# "9" character costume



## Frankenfrog (Oct 19, 2010)

Wow...I never heard of this movie so I checked out the trailer on line. It looks pretty good. I'll have to watch out for it. Thanks for posting. Oh yes...the costume looks great.


----------



## Ratmonkey (Oct 4, 2010)

Thank you Frog. don' t worry only one house we went to actually knew who he was. maybe I should include a reference.


----------



## Death Dealer (Sep 20, 2010)

Loved the movie, love the costume


----------



## Nevergoback (Sep 13, 2009)

That costume is awesome. The movie was good too. Would love to have some of the details of how you made the head and what the *********** is made of.


----------



## Death Dealer (Sep 20, 2010)

someone else posted this one in the Show off your Costume thread.....both are great!


----------



## Nevergoback (Sep 13, 2009)

Hmm, I guess I could make the *********** and zipper pull out of foam core or pink foam and the teeth on the costume with duct tape. This costume looks good too. I'd like to make a dummy I have two child size armatures who need a facelift.


----------



## Johnny Thunder (Oct 7, 2004)

Looks great!!!


----------



## Ratmonkey (Oct 4, 2010)

Nevergoback,
To make the head we used an oval shaped balloon and paper mache over it and then covered with burlap. The eyes are painted cardboard shipping tubes. I drilled out the centers of the end caps and glued in black muslin over the opening. Painted the rims silver and attached a clip and screw on each side (much to the insistence of my son.) 

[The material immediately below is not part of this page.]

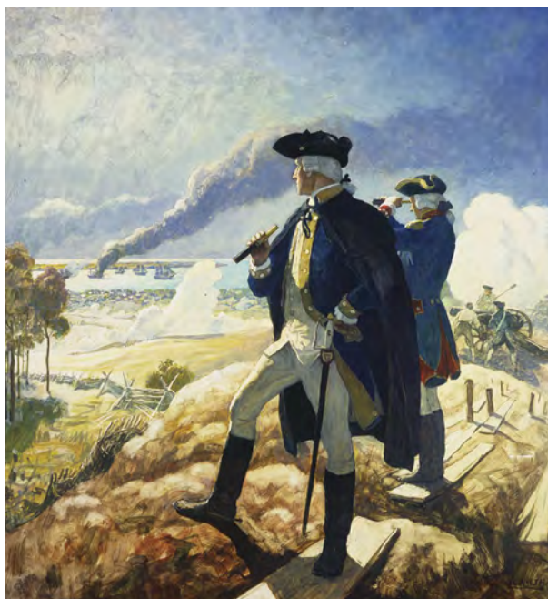
In 1781 General George Washington—“whose heroic honoring of rights and fulfillment of duties never fail to inspire and should never be forgotten”—courageously led his troops into the Battle of Yorktown. The 20-day siege ended the Revolutionary War, with help from French allies, and led to America’s independence.

As Latter-day Saint lawyers, we intuitively sense all of this. We know, for example, that with professional privilege and power come professional responsibilities. And our scriptures tell us that with greater knowledge (which is also a power and a privilege) comes greater accountability 34 and that everyone

Zipper: I cut the shape out of ¼ “ poster board. Used this as a template to trace and cut out the sheet of copper. The pull and bracket are just copper with out the foam. We dirtied it up with some blank paint and sponge. The Zipper teeth are made out of silver clarion (fake leather) glued on.

Hands: I traced my son’s hands to create a pattern. Strips were cut out of the copper, two per finger with the end piece rounded. I used a drum stick to shape the curve. The drum stick being tapered worked really well to shape different size fingers. Each finger piece was glued to a glove so that they overlapped similar to a gauntlet. The back of the hand and thumb I shaped with round part of a small anvil and glued on.


----------



## MarkOf13 (Sep 25, 2009)

Outstanding job on the costume! I did see the movie and my family would have identified the character easily. I am surprised that you actually used metal but it gives the costume that something extra.


----------



## Ratmonkey (Oct 4, 2010)

MarkOf13 said:


> I am surprised that you actually used metal but it gives the costume that something extra.


As was my wife when she saw the bill,lol.


----------



## theedwin (Sep 25, 2008)

That is a great costume!!! I love every little bit of it! Great job!


----------